Military Metaphors, Unnecessary Admissions, New Blogs, Keeping Secrets

It’s a common scenario: a 90-year-old resident of a U.S. nursing home — call her Ms. B. — has moderately advanced Alzheimer’s disease, congestive heart failure with severe left-ventricular dysfunction, and chronic pain from degenerative joint disease. She develops a nonproductive cough and a fever of 100.4°F. The night nurse calls an on-call physician who is unfamiliar with Ms. B. Told that she has a cough and fever, the physician says to send her to the emergency room, where she’s found to have normal vital signs except for the low-grade fever, a normal basic-chemistry panel and white-cell count, but a possible infiltrate on chest x-ray. She is admitted to the hospital and treated with intravenous fluids and antibiotics. During her second night in the hospital, Ms. B. becomes confused and agitated, climbs out of bed, and falls, fracturing her hip. One week after admission, she is discharged back to the nursing home with coverage under the Medicare Part A benefit. The episode results in about $10,000 in Medicare expenditures, as well as discomfort and disability for Ms. B.

There is an alternative scenario, however . . .

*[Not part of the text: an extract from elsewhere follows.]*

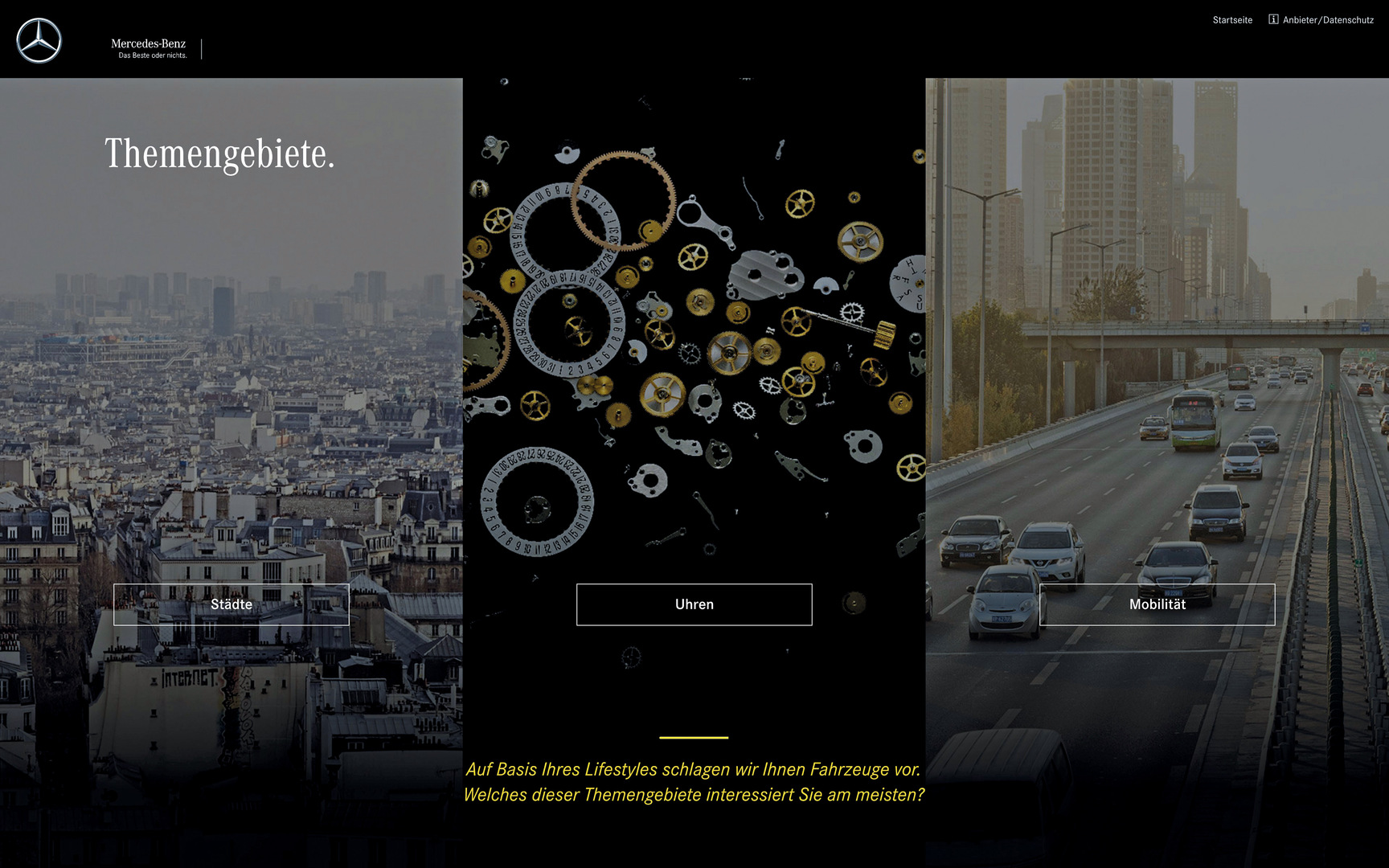 The Mercedes-Benz Lifestyle Configurator convinces by taking away customer fear of contact in planning the next vehicle purchase. It makes users feel they are an active part of the planning process by collecting and analysing soft factors that are more familiar to users than purely technical aspects of vehicles. The configurator thus leads customers through the decision process in a playful manner.

That’s from an article in NEJM called “Reducing Unnecessary Hospitalizations of Nursing Home Residents.” In any health care system of as much complexity as ours, there’s bound to be a huge amount of waste. The article gives a good example of how the skills of NPs might be put to excellent use both saving a lot of money for Medicare and making the lives of nursing home residents a whole lot nicer. It may be cheaper, but it’s not “rationing”—it’s rational.

Now a matter of language rather than money: the Viewpoint essay by Kathleen Thies in the October issue of AJN is about the use of military language to refer to nursing staff. Here’s how it begins, and you can click the link to read the whole article, including the author’s suggestion for an alternative terminology. We’d love to know whether the author’s perspective resonates with you:

How often have you heard the term frontline staff used to refer to direct care nurses and others working at a patient’s bedside? It conjures images of the great world wars, of soldiers marching across battlefields to fight the enemy. The infantry are invariably young, dispensable, interchangeable. Commands are issued by generals and passed down through the ranks. No questions are asked.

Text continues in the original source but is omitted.